Ali Vanderveld, PhD Director of Data Science at ShopRunner
Using Deep Learning to Build a Unified E-commerce Marketplace
ShopRunner is an e-commerce company that receives feeds of product data from many different retailer partners, including large department stores and retailers that specialize in electronics, appliances, nutritional products, and more. In order to provide a great user experience on our website and in our mobile app, we need to have one easy-to-navigate product taxonomy. We also would like to have sets of attribute tags that make it easy to filter down to exactly what any shopper is looking for. In this talk I will describe how we are using computer vision and natural language processing to place all of the products from our retailer partners into one easy-to-navigate shopping experience.

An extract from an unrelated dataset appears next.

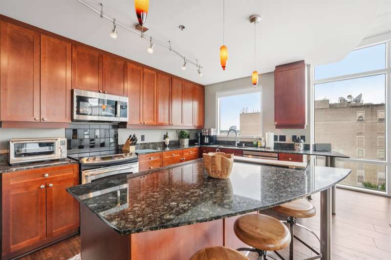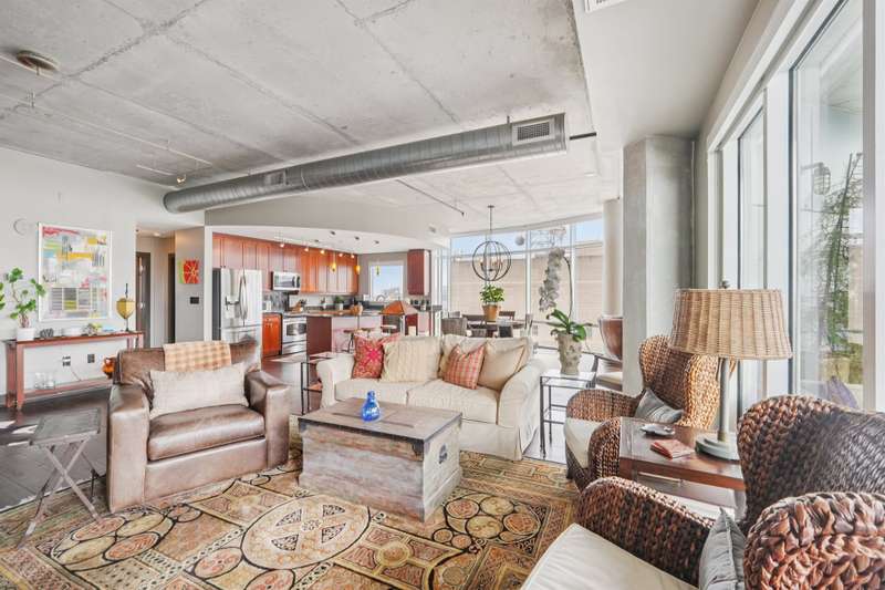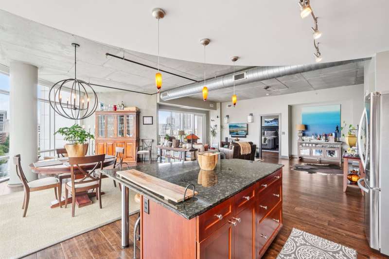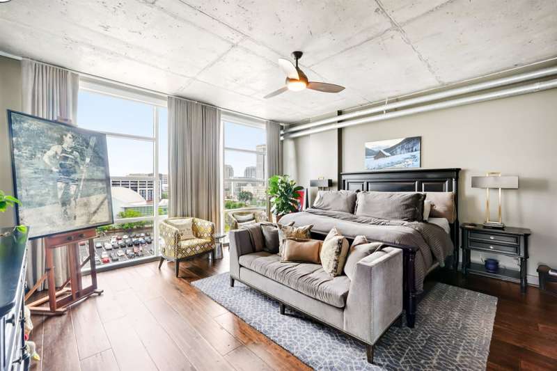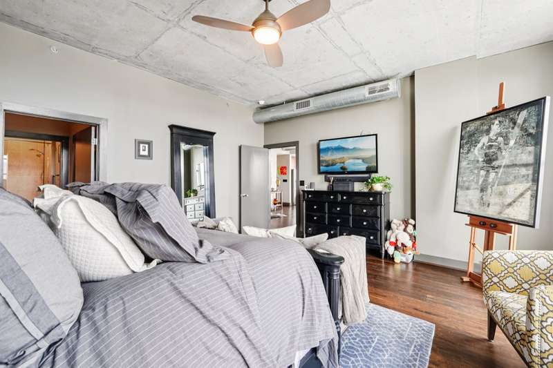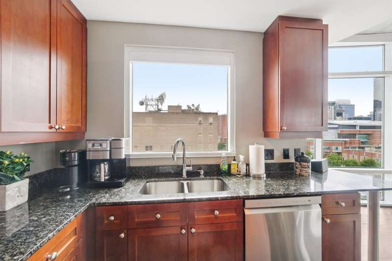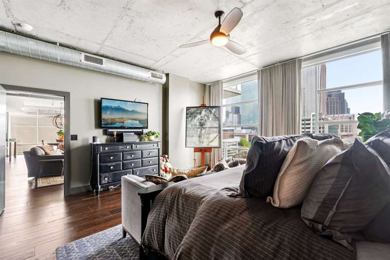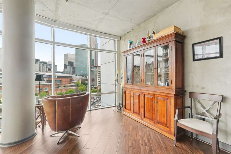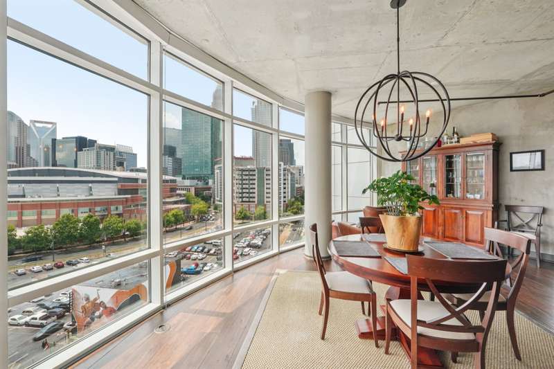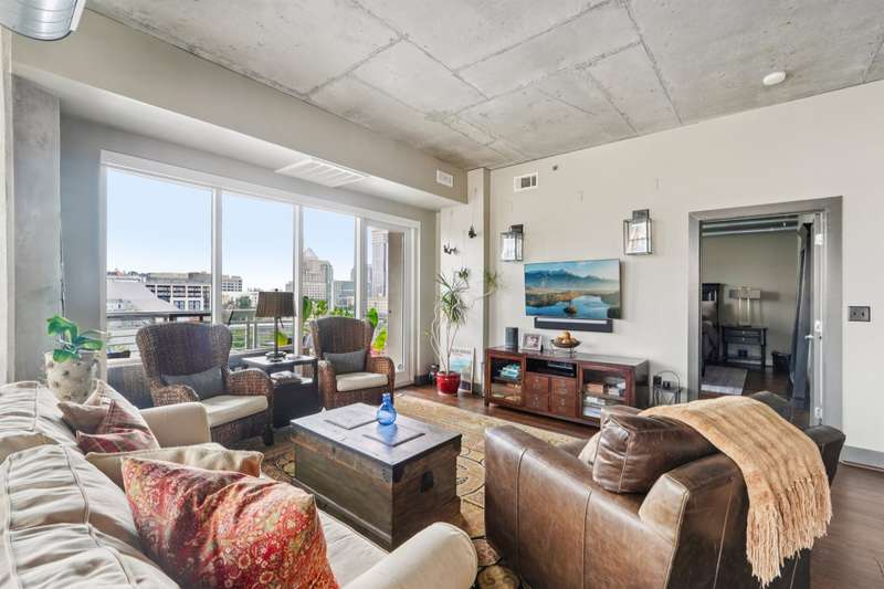 Iconic curved wall of floor to ceiling window and 10 foot ceilings make this a WOW view of the skyline and sunsets. This is a rare opportunity to own the ultra-desirable "01" unit on a high floor. Features include an oversized balcony with a dramatic views. Courtside was the first high-rise residential tower in Center City and has some hard to find features including above the typical square footage and room sizes. The Primary bedroom has a wall of floor to ceiling windows and is huge by city standards. The second bedroom and separate office are also very large. The open living area will shock you with its size. Newer hardwood floors shine and are a quality upgrade. Custom walk-in closet and tile bathroom features are highlighted in the primary ensuite bath. This is a secure entry building with2 assigned parking spaces in the secure parking deck. Other amenities include a rooftop terrace and Amazon HUB on site for extra convenience. Just one block from a light rail stop.

Ali Vanderveld is Head of Data Science at ShopRunner, where her team leverages data from a network of over 140 retailers to build products for their 6 million members. Prior to ShopRunner, she was a staff data scientist at Civis Analytics, a consulting and software startup that helps companies, nonprofits, and political organizations better utilize their data. She has also worked at Groupon and as a technical mentor for the Data Science for Social Good Fellowship. Ali has a PhD in theoretical astrophysics from Cornell University and got her start working as an academic researcher at Caltech, the NASA Jet Propulsion Laboratory, and the University of Chicago, working on the development teams for several space telescope missions, including ESA’s Euclid.
Veysel Kocaman, PhD Senior Data Scientist at John Snow Labs
Spark NLP for Healthcare: Lessons Learned Building Real-World Healthcare AI Systems
At the conference, the speaker will review case studies from real-world projects that built AI systems using Natural Language Processing (NLP) in healthcare. These case studies cover projects that deployed automated patient risk prediction, automated diagnosis, clinical guidelines, and revenue cycle optimization. He will also cover why and how NLP was used, what deep learning models and libraries were used, and what was achieved. Key takeaways for the conference attendees will include important considerations for NLP projects including how to build domain-specific healthcare models and using NLP as part of larger and scalable machine learning and deep learning pipelines in distributed environment.
Veysel Kocaman is a Senior Data Scientist and ML Engineer at John Snow Labs and have a decade long industry experience. He is also pursuing his PhD in CS as well as giving lectures at Leiden University (NL) and holds an MS degree in Operations Research from Penn State University. He is affiliated with Google as a Developer Expert in Machine Learning.